Perilaku klien pengguna ganja dapat diketahui cirinya, antara lain perilaku sangat
gembira, mondar mandir tampak cemas, gerakan tidak terkoordinir, mengantuk, tampak lebih
bodoh karena gangguan proses kognitif, serta perilaku tampak kecemasan. Sedangkan perilaku
klien pengguna alkohol yaitu sikap bermusuhan, kadang-kadang bersikap murung, berdiam diri
(depresi), suara keras, bicara cadel dan kacau, agresif, minum alkohol tanpa kenal waktu,
koordinasi motorik terganggu akibat cenderung mendapat kecelakaan. Kemudian perilaku
pasien pengguna opioida ialah terkantuk-kantuk, bicara cadel, koordinasi motorik terganggu,
acuh terhadap lingkungan, kurang perhatian, perilaku manipulatif untuk mendapatkan zat
adiktif. Perilaku klien pengguna kokain/amfetamin/ekstasi antara lain hiperaktif, euforia, elasi
sampai agitasi, iritabilitas perilaku curiga, kewaspadaan yang berlebihan, semangat kerja
meningkat, serta perilaku tampak gembira. Perilaku klien pengguna halusinogen adalah
tingkah laku yang tak dapat diramalkan, tingkah laku merusak diri sendiri, halusinasi dan ilusi,
distorsi waktu dan jarak, sikap merasa diri besar, dan depersonalisasi pengalaman yang
ghaib/ajaib.
Mekanisme koping klien yang mengalami kecanduan penyalahgunaan zat adiktif
adalah suatu representasi dari mekanisme pertahanan diri yang tidak sukses dan tingkah laku
adaptif yang tidak adekuat atau tidak berkembang. Mekanisme yang biasa digunakan pada
penyalahgunaan zat adiktif umumnya adalah denial dari masalah, proyeksi untuk melepaskan
diri dari tanggung jawab dan rasionalisasi.
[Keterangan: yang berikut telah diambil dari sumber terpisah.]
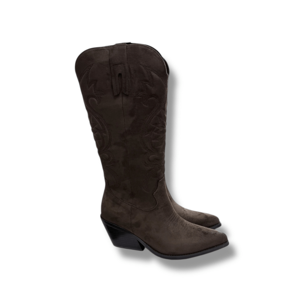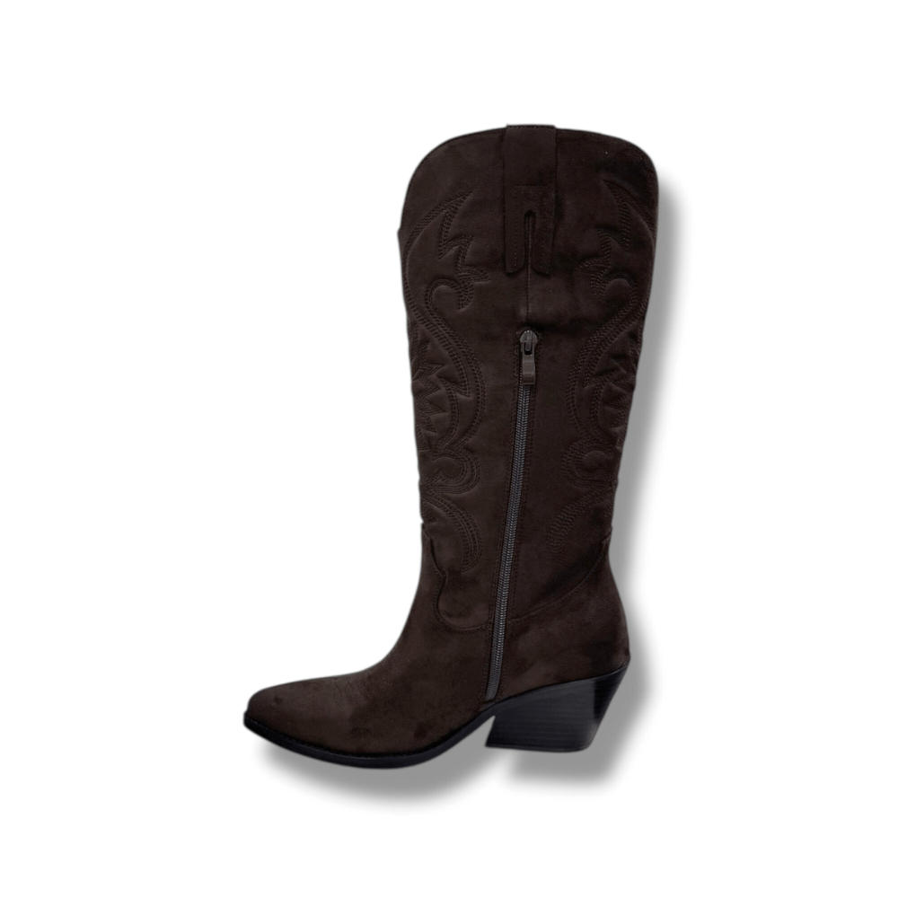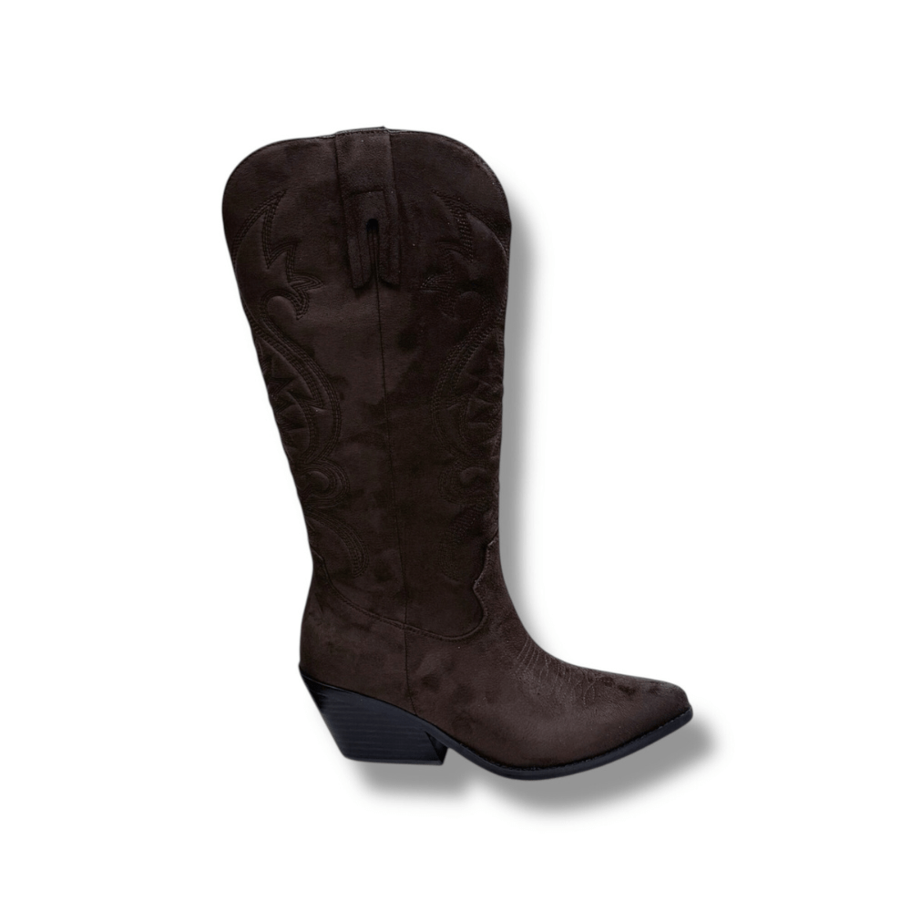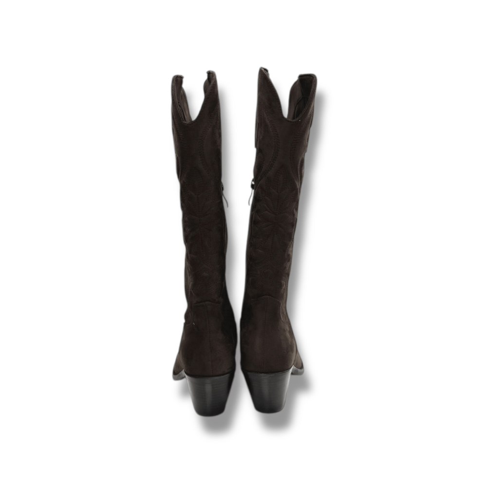 Il texano caffè cuciture è realizzato in morbida texture effetto camoscio.

Diagnosa keperawatan pada klien dengan kecanduan NAPZA antara lain masalah
keperawatan sehubungan dengan gangguan penggunaan zat adiktif terutama masalah gangguan
proses pikir, gangguan persepsi sensori (visual, pendengaran, rasa, raba, penciuman), gangguan
konsep diri (HDR). Beberapa diagnosa yang muncul menurut NANDA adalah gangguan
persepsi sensori pada penggunaan halusinogen, gangguan hubungan sosial manipulatif,
gangguan konsep diri (HDR), tidak mampu mengenal kualitas yang positif dari diri sendiri,
gangguan pemusatan perhatian, partisipasi keluarga yang kurang dalam program pengobatan
pasien serta menolak mengikuti aktivitas program.